▶ [WHAT TO DO]: What is needed is every line from the one holding "Вектор празднования счастливого" to the last line of the data below, printed exactly and without pictures.

▶ [DATASET EXCERPT]:

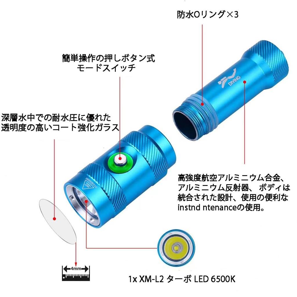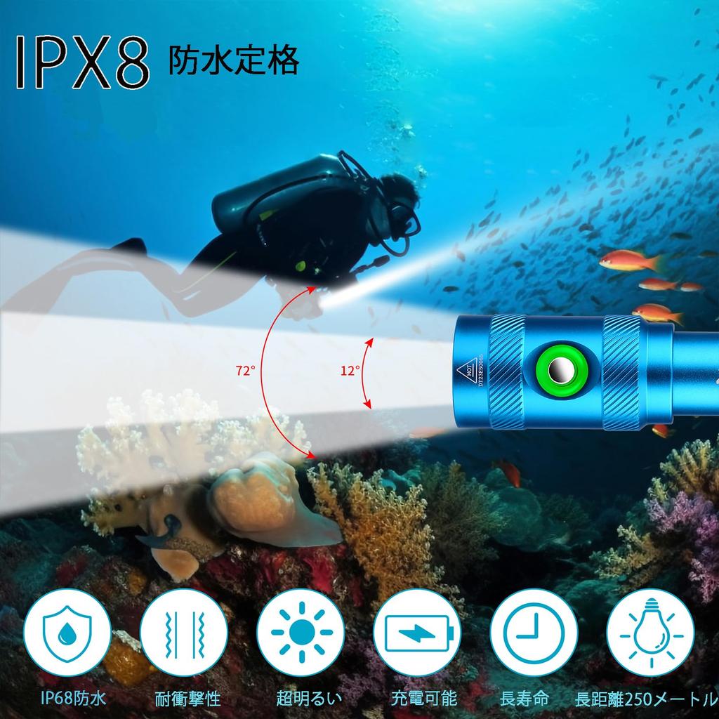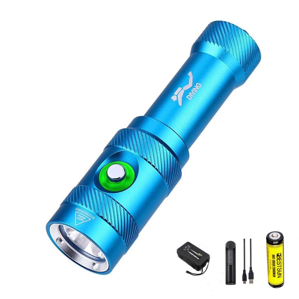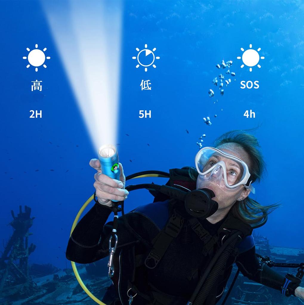 "Сверхяркий подводный фонарь 5000 люмен" Подводный фонарь оснащен одним светодиодом XM-L2 и обеспечивает чрезвычайно яркий холодный белый свет с максимальной мощностью 5000 люмен. У него есть мощный свет, который горит 3,5 часа, тусклый свет, который можно использовать непрерывно в течение 6 часов, и режим SOS, который можно использовать непрерывно в течение 5 часов.
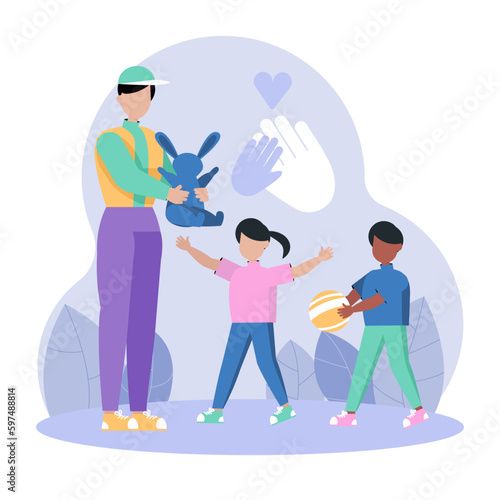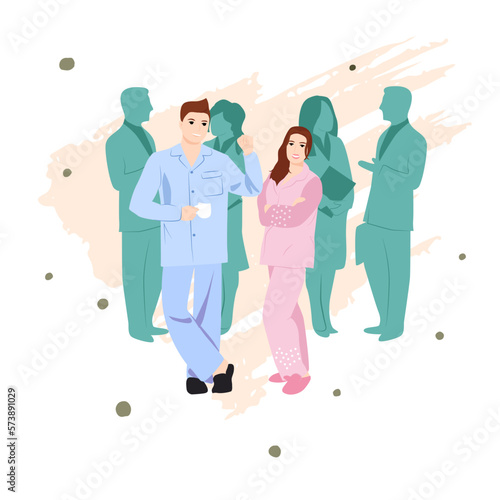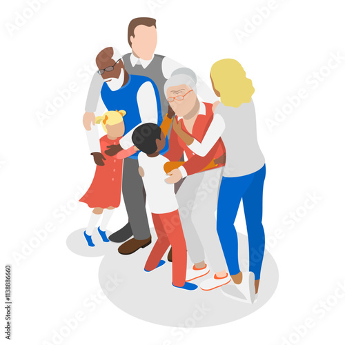 Вектор празднования счастливого дня матери и праздника родов. Концепция семейной вечеринки. Супружеская пара с детьми и бабушкой/дедушкой с иллюстрацией торта. Отцовство и материнство
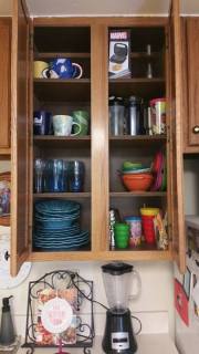 And the last stop on the organization train for the kitchen was the dishes. I can not tell you the number of glasses and cups that we had that we just didn’t need any more. Those are off to a new home as well. And with a little re-organizing I can finally get to everything I need to get to and do everything I need to do.
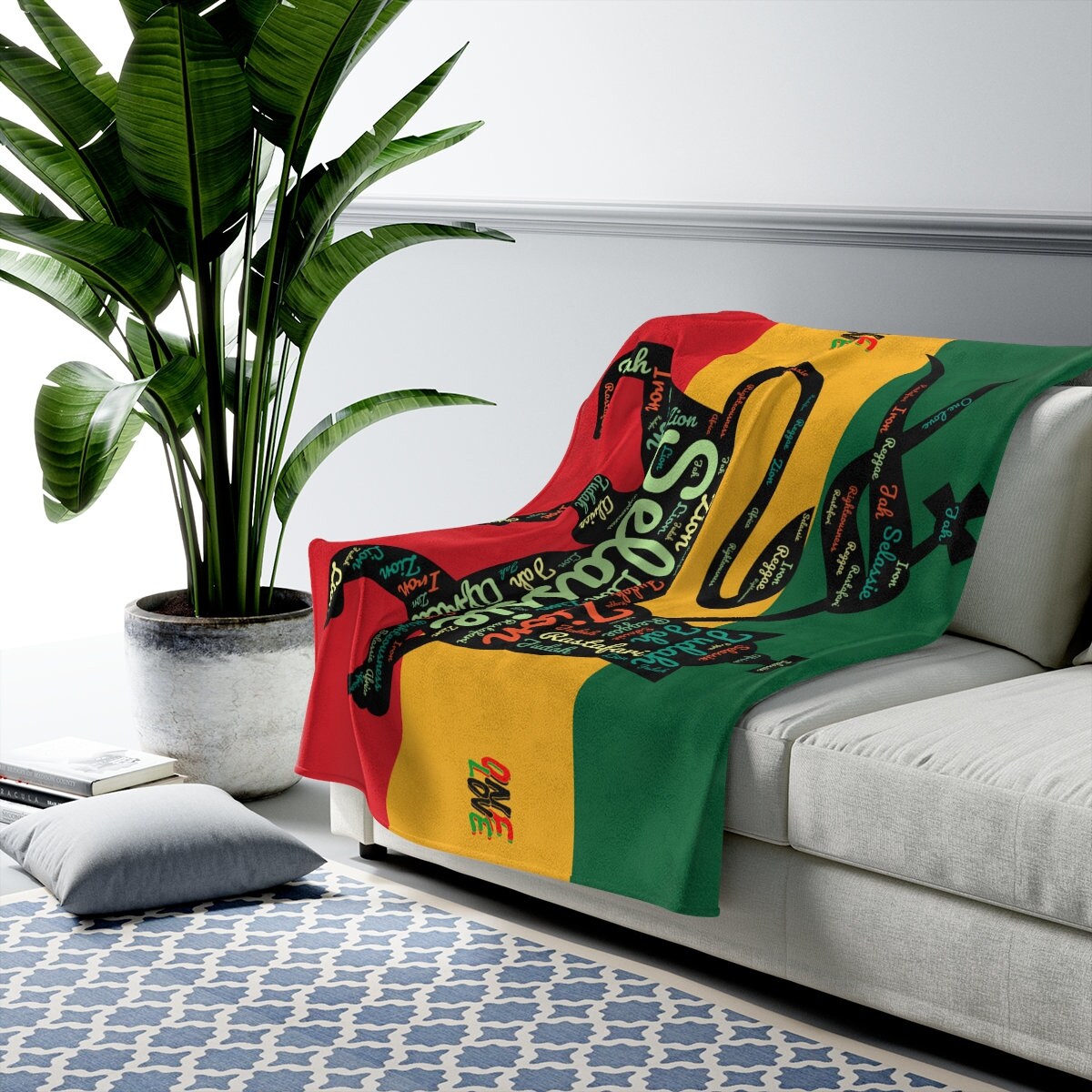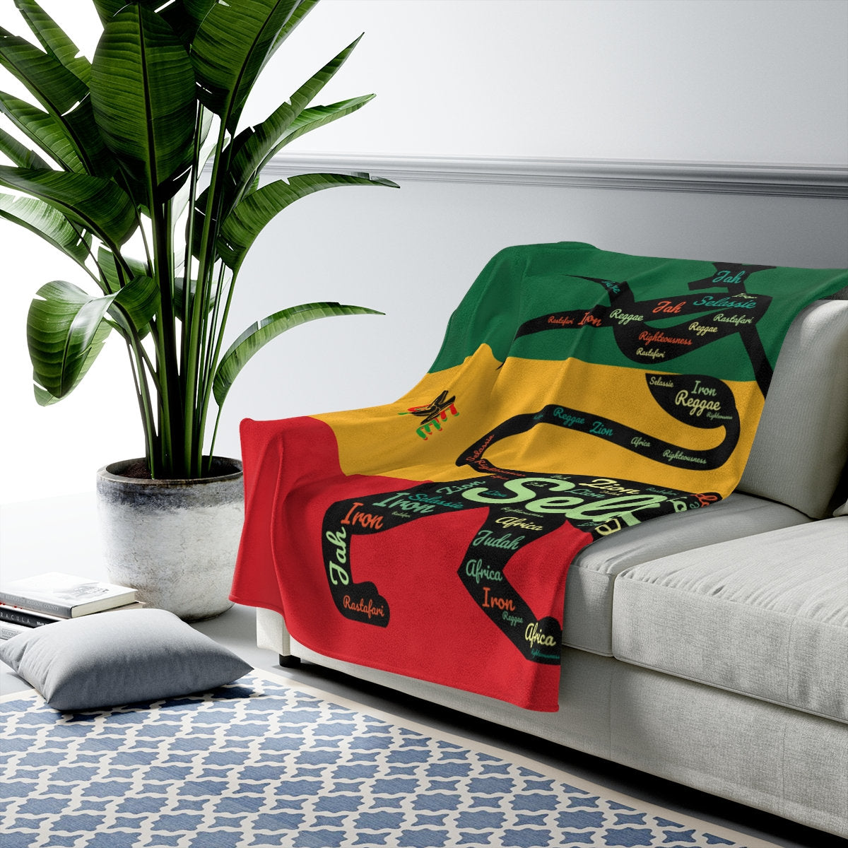 Set the ambiance with this Lion of Judah Rasta Colored Fleece Blanket. The colors are popping and extremely vibrant. It is soft to touch and perfect for any home. It's the perfect item for yourself or as a gift for your friends and family. This plush blanket is for those who believe in clean livity and the Rastafarian movement.....when it comes down to it this blanket is simply beautiful. The Lion of Judah.

▶ [EXERCISE SOLUTION]:
 Вектор празднования счастливого дня матери и праздника родов. Концепция семейной вечеринки. Супружеская пара с детьми и бабушкой/дедушкой с иллюстрацией торта. Отцовство и материнство
 And the last stop on the organization train for the kitchen was the dishes. I can not tell you the number of glasses and cups that we had that we just didn’t need any more. Those are off to a new home as well. And with a little re-organizing I can finally get to everything I need to get to and do everything I need to do.
 Set the ambiance with this Lion of Judah Rasta Colored Fleece Blanket. The colors are popping and extremely vibrant. It is soft to touch and perfect for any home. It's the perfect item for yourself or as a gift for your friends and family. This plush blanket is for those who believe in clean livity and the Rastafarian movement.....when it comes down to it this blanket is simply beautiful. The Lion of Judah.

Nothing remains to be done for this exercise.